Today’s words of the day (OWTD) are: ostensibly and spurious in revolution to the “linguistic embargo” placed upon a friend of mine.

ostensibly is an adverb version of the adjective ostensible.  It means “to all outward appearances” or something that is “intended for display“.  This word reminds me of:

  • a predicate adverb (although I don’t know what this means)
  • which reminds me of a <pause> and semicolon (;)

spurious is an adjective, which I’m learning is a part of speech I’m liking more and more.  It means “of illegitimate birth” or “outwardly similar or corresponding to something without having its genuine qualities” (my preference).  This word reminds me of:

  • a waste of time
  • which reminds me of to-do lists and deadlines
  • which reminds me of the things I should be doing rather than blogging!

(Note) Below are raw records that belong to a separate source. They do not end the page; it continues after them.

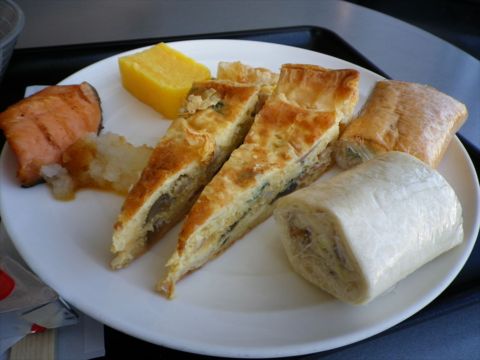 アメリカン航空のラウンジ。午前中はJALのお客さんも使えるようになっています。空いていて極めて落ち着いているので、サクララウンジが混んでいて落ち着かない時には利用します。食事は軽食中心。午前中はJALが準備したらしい和食も用意されています。
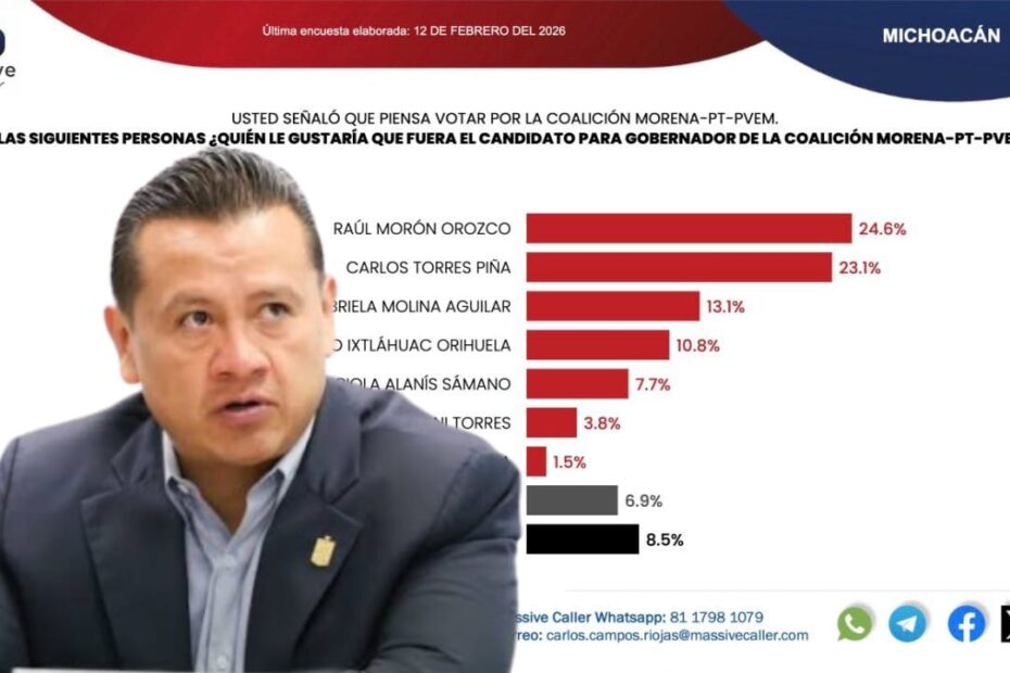 Morelia, Michoacán,16 de febrero de 2026,- La más reciente medición de la casa encuestadora Massive Caller, levantada el 12 de febrero de 2026 con mil entrevistas y un margen de error de ±3.4%, muestra que la coalición Morena–PT–PVEM se mantiene a la cabeza en la intención de voto rumbo a la elección de gubernatura de Michoacán en 2027, al tiempo que se consolida el crecimiento de Carlos Torres Piña en la preferencia para encabezar la candidatura.
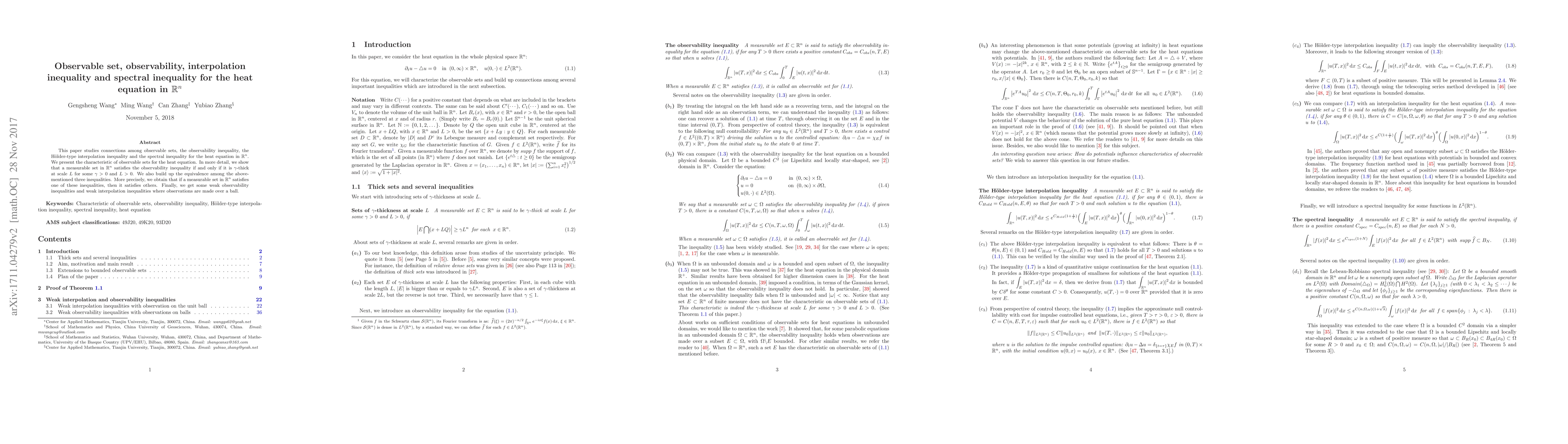 This paper studies connections among observable sets, the observability inequality, the H\"{o}lder-type interpolation inequality and the spectral inequality for the heat equation in $\mathbb R^n$. We present a characteristic of observable sets for the heat equation. In more detail, we show that a measurable set in $\mathbb{R}^n$ satisfies the observability inequality if and only if it is $\gamma$-thick at scale $L$ for some $\gamma>0$ and $L>0$.We also build up the equivalence among the above-mentioned three inequalities. More precisely, we obtain that if a measurable set $E\subset\mathbb{R}^n$ satisfies one of these inequalities, then it satisfies others. Finally, we get some weak observability inequalities and weak interpolation inequalities where observations are made over a ball.
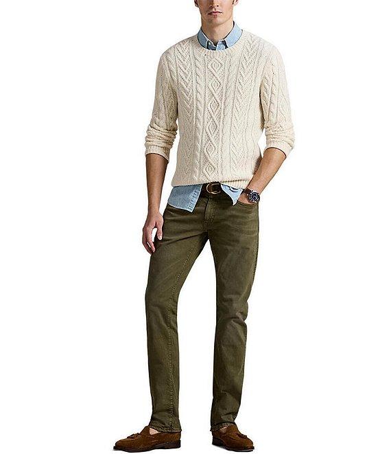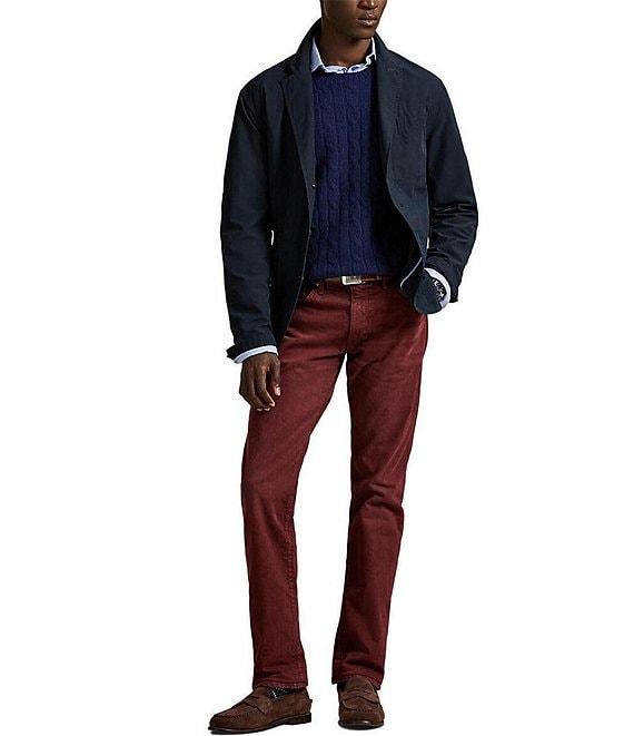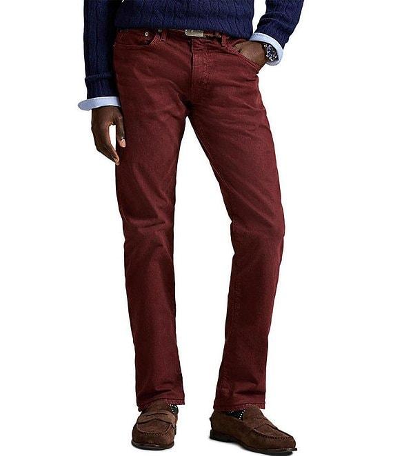 From Polo Ralph Lauren, these jeans feature: Mid/regular rise Belt loops Zip fly with signature buttoned closure 5-pocket jeans with signature metal rivets Varick slim straight Straight leg Trim fit through the thigh that relaxes from the knee down “Polo” label on the coin pocket Leather “Polo Ralph Lauren” patch on the back right waist Signature embroidered "Pony" on the back right pocket Stretch denim fabric Cotton/elastane Machine wash/tumble dry Imported.

Here’s the word of the day (WOTD): magnanimous meaning: generous in forgiving an insult or injury; free from petty resentfulness or vindictiveness: to be magnanimous toward one’s enemies.

Now, it is an adjective:

  • which makes me think of descriptive words,
  • which makes me think of commas,
  • which makes me think of Eats, Shoots & Leaves,
  • which reminds me of Jacob,
  • which reminds me of the homework I have not started for school this week,
  • which makes me hope that my professor this semester is magnanimous in his grading system like last quarter.